- [Brief]: Your answer must be the full set of records, copied exactly, with no pictures in it.

- [The records]:
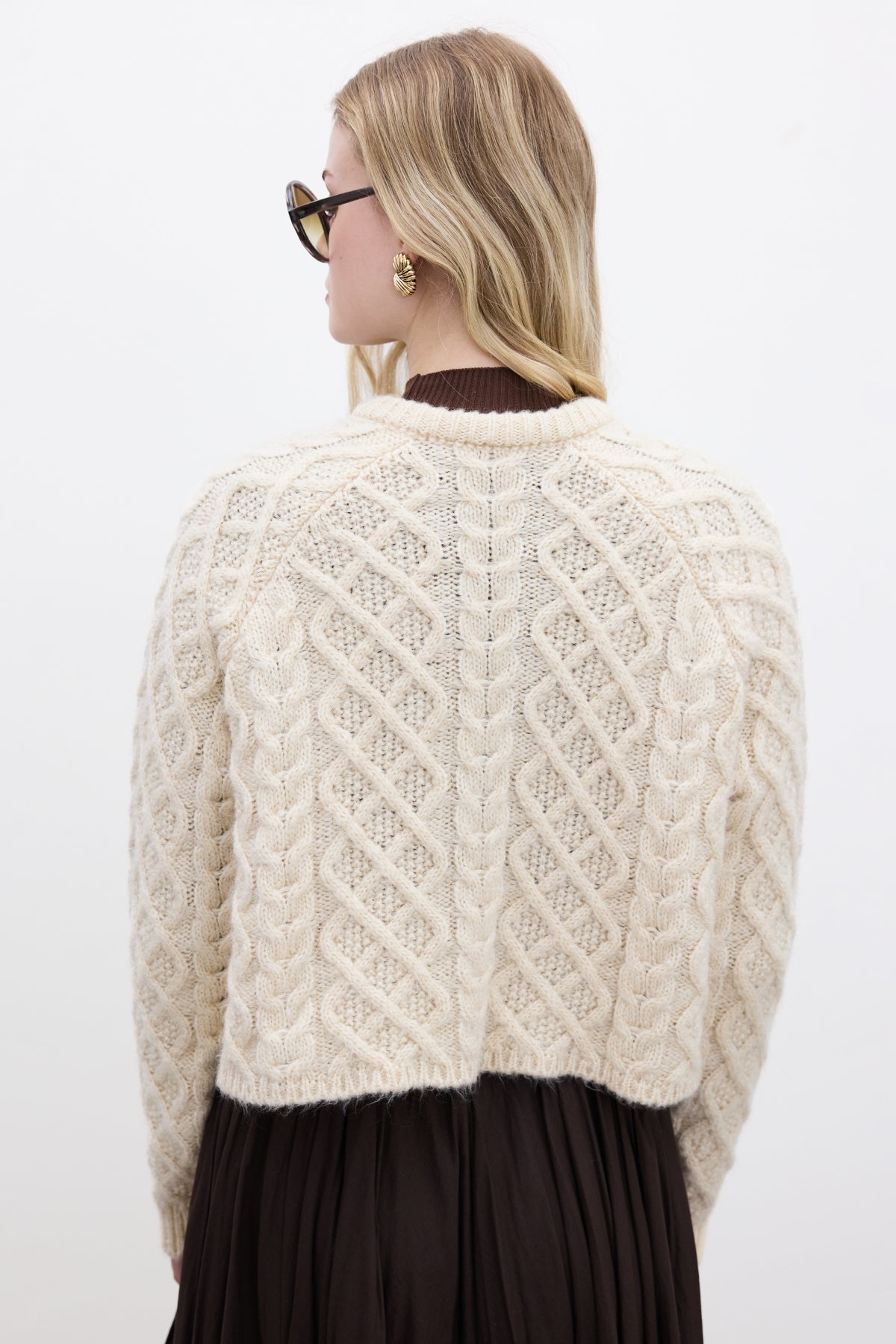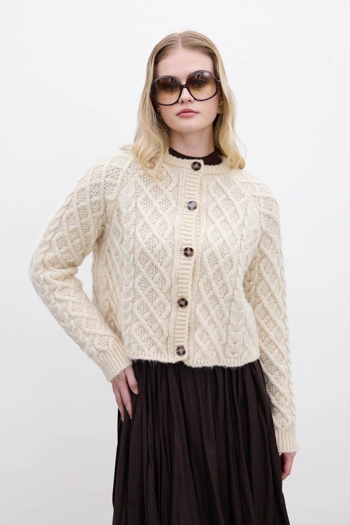 Cable-Knit Cardigan Beige
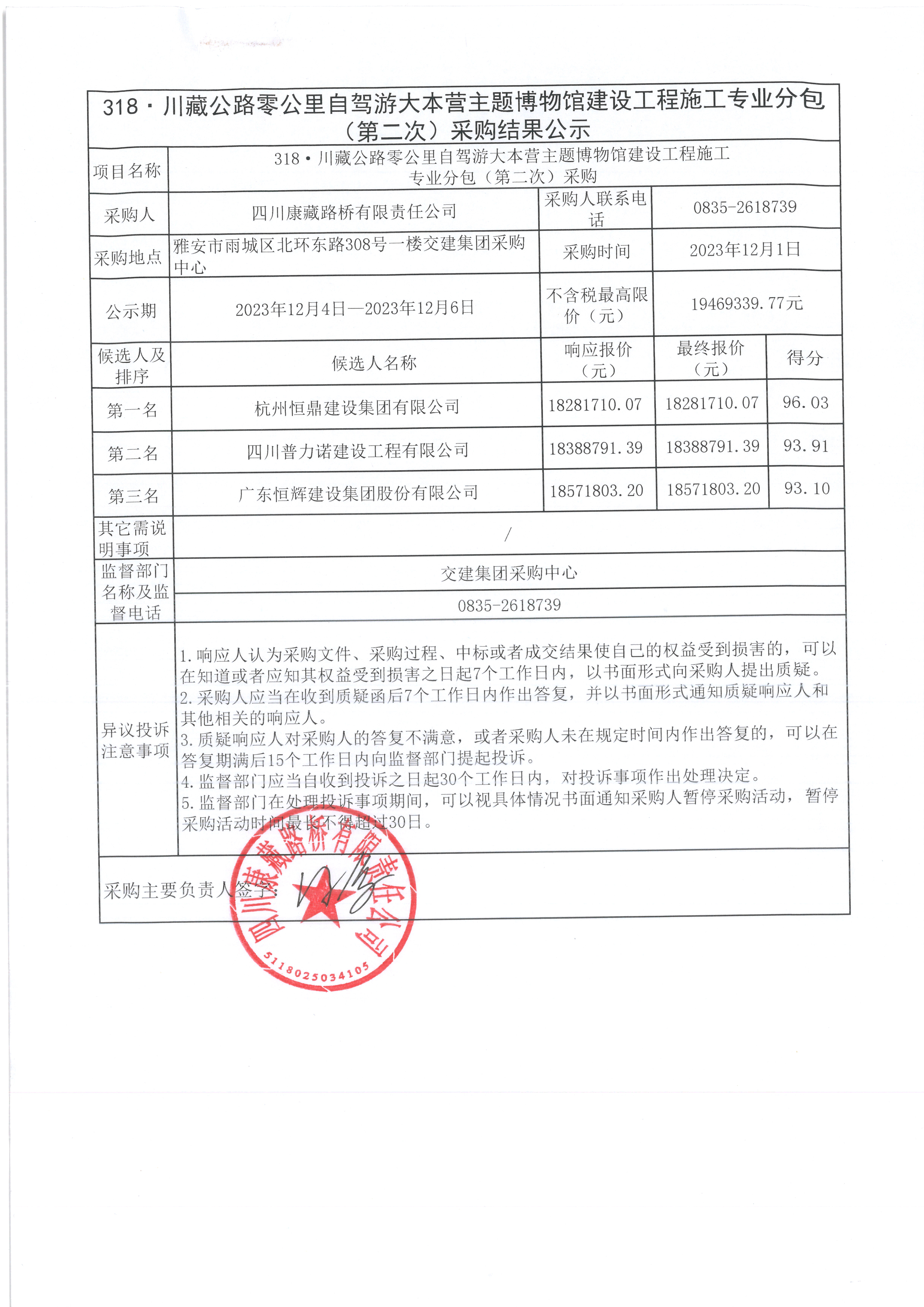 四川康藏路橋有限責(zé)任公司318·川藏公路零公里自駕游大本營(yíng)主題博物館建設(shè)工程施工專業(yè)分包 (第二次)采購(gòu)結(jié)果公示
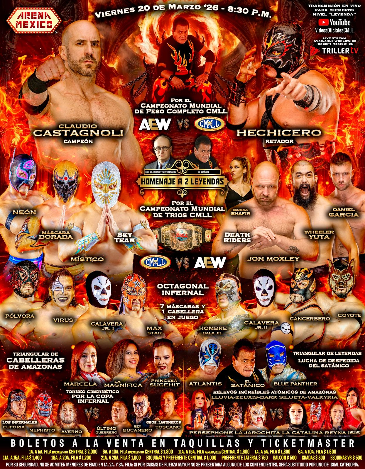 El Satánico se retira de la lucha libre en Homenaje a Dos Leyendas y lo hará enfrentando a Atlantis y Blue Panther. “El Número Uno” se despide de los encordados ante dos de sus grandes rivales. #2LeyendasCMLL#CMLL#LuchaLibre#DeathRiders#Místico#AEW
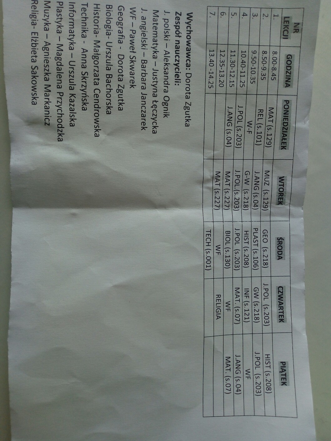 A w środę 7 lekcji
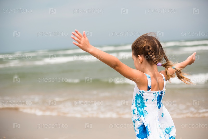 Портрет девушки на берегу моря. Ребенок наслаждается волнами, отдыхает на пляже, путешествует
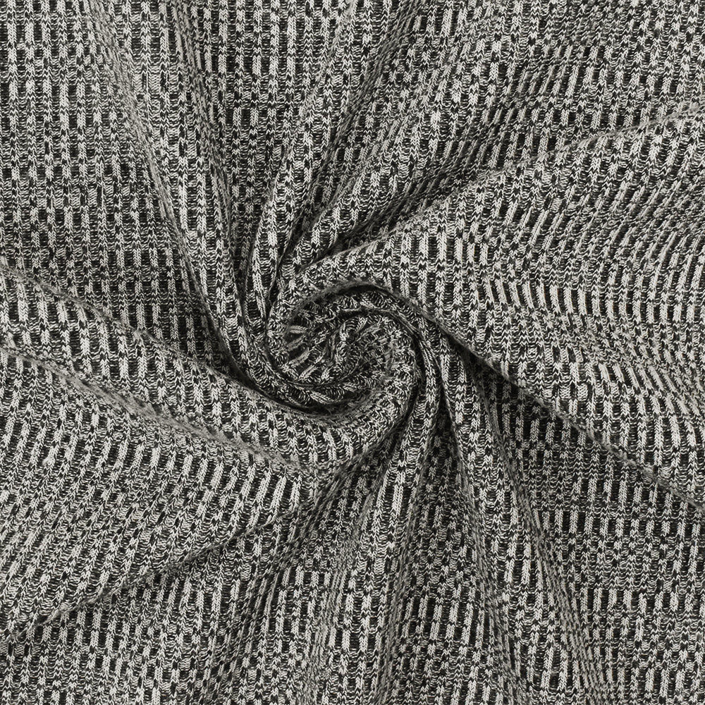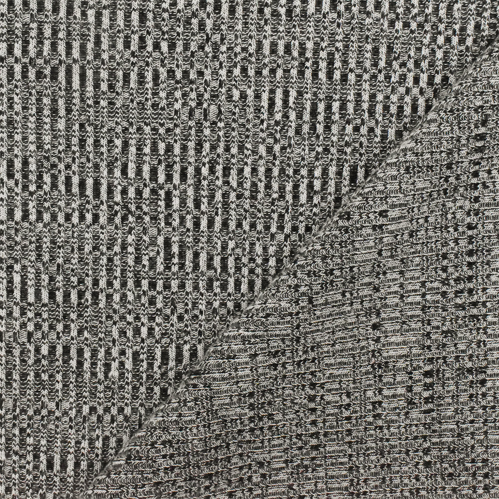 Ash White-Black Distorted Texture Stretch 2X2 Rib Knit Fabric
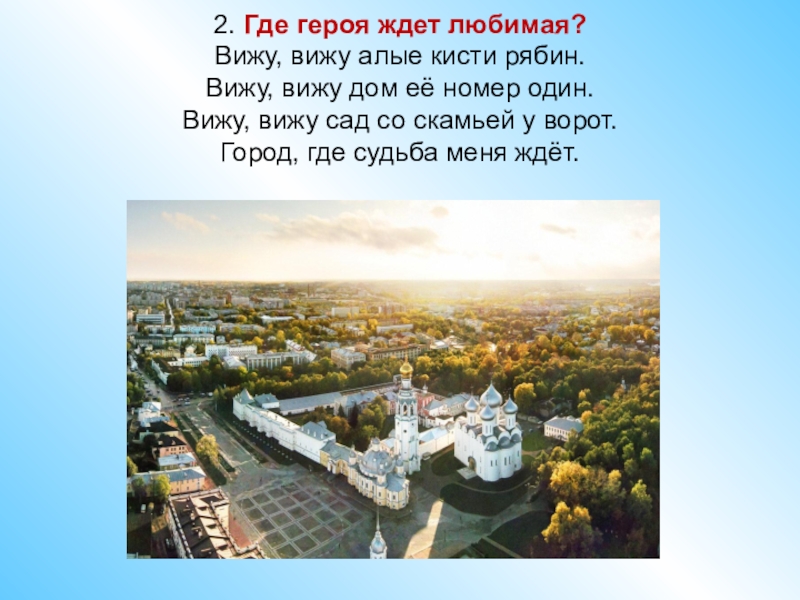 2. Где героя ждет любимая? Вижу, вижу алые кисти рябин. Вижу, вижу дом её номер один. Вижу, вижу сад
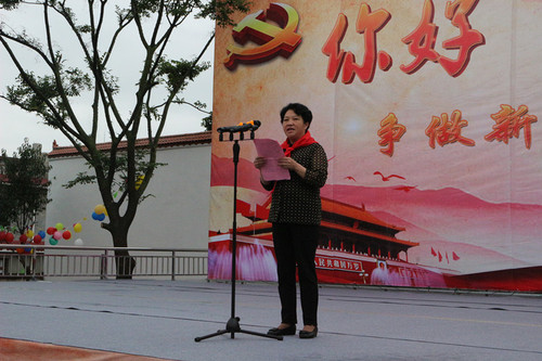 本次活动上还进行了新队员入队仪式,被批准入队的新队员整齐排列在队旗下,党员代表、团员代表、家长代表、老队员代表为新队员授戴了红领巾并进行了庄严的宣誓,铿锵有力的声音表达了他们的心声。共青团寻甸县委书记周涛为仁德四小新入队少先队授予队旗。共青团寻甸县委副书记张晓霞为新聘任的少先队辅导员颁发聘书,仁德四小党支部书记代表全体师生为孩子们送上节日的祝福,也对孩子们提出了殷切的希望。入队仪式在激动人心的呼号中结束——时刻准备着,为共产主义事业而奋斗!
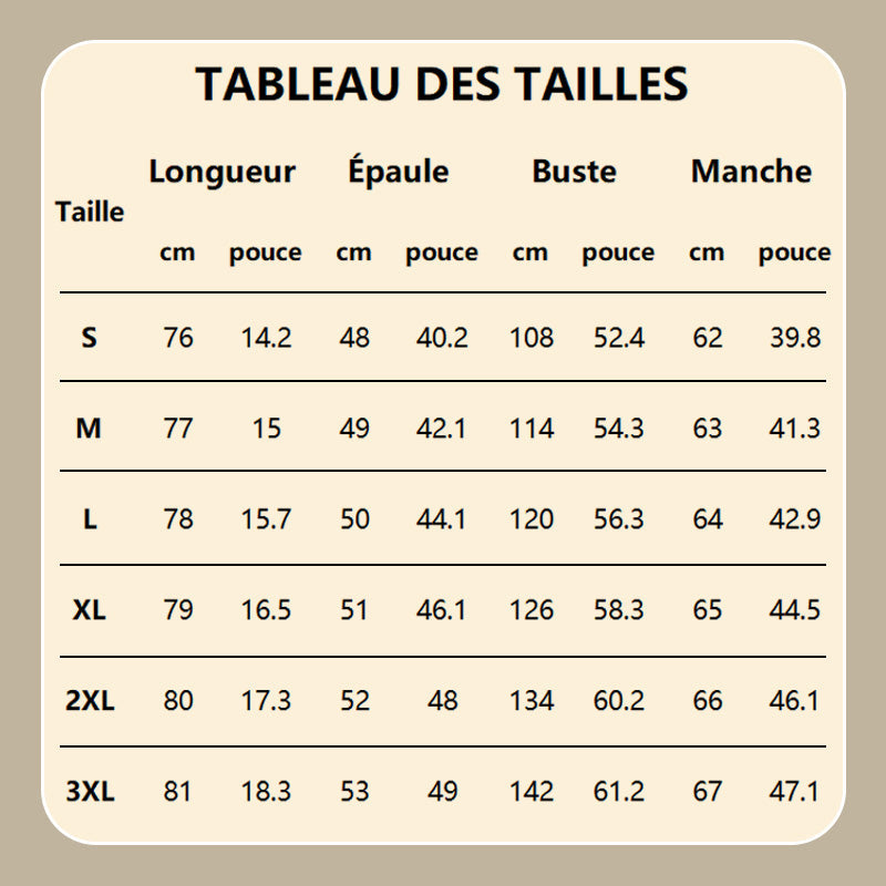 Pour les mesures manuelles, veuillez prévoir une erreur de 1-2 cm.

- [Response]:
 Cable-Knit Cardigan Beige
 四川康藏路橋有限責(zé)任公司318·川藏公路零公里自駕游大本營(yíng)主題博物館建設(shè)工程施工專業(yè)分包 (第二次)采購(gòu)結(jié)果公示
 El Satánico se retira de la lucha libre en Homenaje a Dos Leyendas y lo hará enfrentando a Atlantis y Blue Panther. “El Número Uno” se despide de los encordados ante dos de sus grandes rivales. #2LeyendasCMLL#CMLL#LuchaLibre#DeathRiders#Místico#AEW
 A w środę 7 lekcji
 Портрет девушки на берегу моря. Ребенок наслаждается волнами, отдыхает на пляже, путешествует
 Ash White-Black Distorted Texture Stretch 2X2 Rib Knit Fabric
 2. Где героя ждет любимая? Вижу, вижу алые кисти рябин. Вижу, вижу дом её номер один. Вижу, вижу сад
 本次活动上还进行了新队员入队仪式,被批准入队的新队员整齐排列在队旗下,党员代表、团员代表、家长代表、老队员代表为新队员授戴了红领巾并进行了庄严的宣誓,铿锵有力的声音表达了他们的心声。共青团寻甸县委书记周涛为仁德四小新入队少先队授予队旗。共青团寻甸县委副书记张晓霞为新聘任的少先队辅导员颁发聘书,仁德四小党支部书记代表全体师生为孩子们送上节日的祝福,也对孩子们提出了殷切的希望。入队仪式在激动人心的呼号中结束——时刻准备着,为共产主义事业而奋斗!
 Pour les mesures manuelles, veuillez prévoir une erreur de 1-2 cm.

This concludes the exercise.